EU-US data transfer remains in flux
The GDPR fine is not a completely settled matter, as Meta still has the ability to appeal. Such an appeal would likely be another lengthy process, and could end with the fine amount being reduced and a suspension of the data deletion orders. With an annual revenue of about $117 billion, and about 10% of that thought to come from ads run in the EU, the penalty is a little over 10% of Meta’s yearly earnings in the region.
Meta has threatened to pull its business entirely from the EU if data transfer decisions do not go its way. However, in 2022 the company commenced with the construction of two regional data centers meant for AI functions and has announced plans for a third. Meta’s apparent hope is to push off the GDPR fine until the new international data transfer agreement goes into effect, which would at least buy some time as it goes through another Schrems legal challenge. The ruling gives the company five months before it has to cease its current data transfers, six months before it must clear all applicable data held in the US, and the order also only applies to Facebook.
That might be enough time for the new data transfer agreement to go active; expectations are that it will be in place sometime between July and October. The agreement has dicey changes of long-term survival, however. It adds certain elements that were specifically noted in the prior Schrems court decisions, like an independent Data Protection Review Court meant to give Europeans redress when they feel the US has inappropriately accessed their data, but is still not expected to be found adequate so long as intelligence agencies are still relatively free to access international data with little oversight.
While efforts at passing federal data privacy laws comparable to the GDPR terms continue to wax and wane in Congress, with no clear finish line in sight, at least one major element could be addressed by the beginning of 2024. FISA Section 702 is scheduled to sunset as 2023 ends, and it would take an act of Congress to extend it. Elements of both parties oppose it, but the leadership of both parties voted to extend it in 2018. The Justice Department and intelligence agencies are in support of it. The House Intelligence Committee currently has a working group on it that is generally in favor of renewal, but is pushing for reforms that would restore a sense of public trust.
And while the decision does not automatically shred Standard Contractual Clauses (SCCs) as a legal mechanism, it does force businesses using them to confront the possibility that similar complaints could lead to similar GDPR fines. As John Magee, Head of Data Protection, Privacy & Cybersecurity for DLA Piper Ireland, observes: “While the scale of the DPC’s record-breaking fine is certainly eye-catching, the suspension order will probably bite much harder for Meta, both operationally and commercially. Leaving aside the specifics of the long-running case against Meta, the DPC’s decision also carries major implications for businesses across all sectors engaged in the day-to-day activity of international transfers of personal data. Meeting the requirements of the Schrems II case has already proved a challenge even for the most sophisticated and well-resourced organisations. And while global data transfers are still possible to lawfully carry out, the DPC’s decision has now raised the stakes, focussing attention on the controls that organisations need to have in place as well as forcing businesses to think about their overall data governance strategies.”

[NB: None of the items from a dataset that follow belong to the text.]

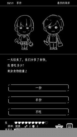 极简界面下的深度生存模拟:尽管以文字为主,但游戏模拟了完整的生存维度。体力值关乎探索距离与战斗能力,精神力影响决策的清醒度和遭遇特殊事件的倾向,而隐藏的污染度或绝望值等参数,则可能悄然将故事引向超自然或精神崩溃的暗线。资源管理需精打细算,一份食物既可用来充饥,也可能作为交易筹码或治疗同伴的良药。
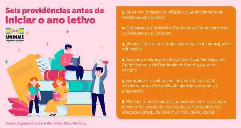 A agenda elenca doze assuntos aos quais os secretários municipais de Educação devem se ater durante os primeiros três meses de governo. Entre eles estão a relação de providências para o início do ano letivo — hoje bastante associada a ações para o combate a pandemia da Covid-19 na volta às aulas presenciais —, os números da demanda escolar e um levantamento das necessidades básicas para que as escolas funcionem regularmente.
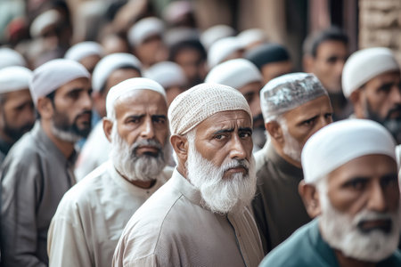 In a serene outdoor setting, a close-up captures a group of Muslim men with long beards and white skullcaps, reflecting shared moments of contemplation and community.

Rehan Jalil, President & CEO of Securiti, additionally sees this as a prompt for greater automation: “This highlights the need for automated systems that can provide deep insights into the sensitive data, as well as insights into the context around that data, such as all the regulations that apply, geographic location, access permissions, etc. With these automated insights, organizations can intelligently monitor and alert for potential violations, as manual processes are often inadequate given the sheer volume of sensitive data companies handle.”